Every time we had one of those in the past, we had to bring down the system and that cost money, or users were affected. One time we forgot a very important view and none of the users could work for a half hour or 45 minutes, and that involved about 800 to 1,000 people.

How did you set up a proof of concept? Give me a little bit of background to what it looked like.

On the project I was working on at the time, we were using TeamCity as our build and deployment tool, and Redgate makes a great plugin that helped us out. Like I said, we were SysAdmins on the lower environments so to prove it out, the first thing we did was to put our database into source control. That was obviously the first step in the process.

From there, we tested it and made sure that we could get to dev first, that we weren’t going to break anything in dev or in system tests. We tried to get it all the way through to our testing environment to see what would happen. When we first started doing that, we just had it generating the scripts to make sure we’d make it. I think the first time I tried to run it, I dropped all the tables so I think that was missing a permission or two! We proved it out, making sure everything was working correctly and then, once it was, gave it to the rest of the team and let them play with it before rolling it out to the entire floor.

If you had to compare your world now to what it was before getting this in place, what are some of the key differences that you see?

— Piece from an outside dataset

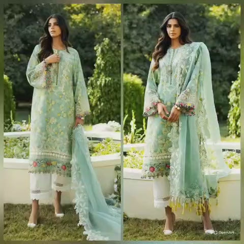 Digital Printed 3 Piece Lawn Suit With Embraided Patches
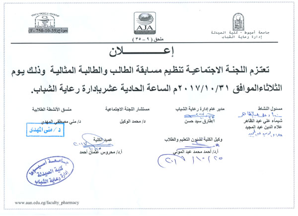 مسابقة الطالب المثالي والطالبة المثالية بكلية الصيدلة يوم الثلاثاء الموافق 31-10-2017م. 25 أكتوبر 2017 مسابقة الطالب المثالي والطالبة المثالية بكلية الصيدلة يوم الثلاثاء الموافق 31-10-2017م.

One of the biggest differences we made was to move to local database development or a dedicated database model so every developer, be it an Application Developer or a Database Developer, has their own instance of SQL Server. That really helped with our branching policy. Before, we had one development database so if you made a breaking change you’d mess everyone up until a code fix went out to handle it. That was a big change, so we can now get a little more creative with some of our changes.

What’s the culture shift been – do you see any marked changes?

The biggest one was getting everyone working in a consistent way, because each team was doing database deployments very differently. Some would generate multiple scripts that they would give to the Database Architects to run in production, some would do one massive script, and others would give the scripts on the fly to the Database Architect. So getting everyone working consistently was a huge win. That’s probably the biggest change because now, when we have our Lead Developer meetings, everyone’s on the same page.

There will be people out there with a similar mindset to the one you had a couple of years ago, which is, I think we need to change but I have no idea how to begin that process because it’s going to involve tons of people. You guys found success with this in a large organization, so what would be the best advice you could give?

Think about your end state, where you want to really get to, and then start thinking about the steps to get there. You’re not going to start out of the gate automatically pushing to production – there’s a series of steps to reach that end-goal.

Another big piece of advice is to set up a pilot project with a pilot team. And read: there’s a lot of good material out there and Redgate has some great documentation. You can try out a lot of the tooling that’s out there too.

And just get started on something, because that’s when you’ll find out where you need to make some changes. Look at your own process but also consider where you need to make some changes around some of your architecture. One of the things I’m so surprised about is that, even after a couple years of doing this, the process is constantly evolving.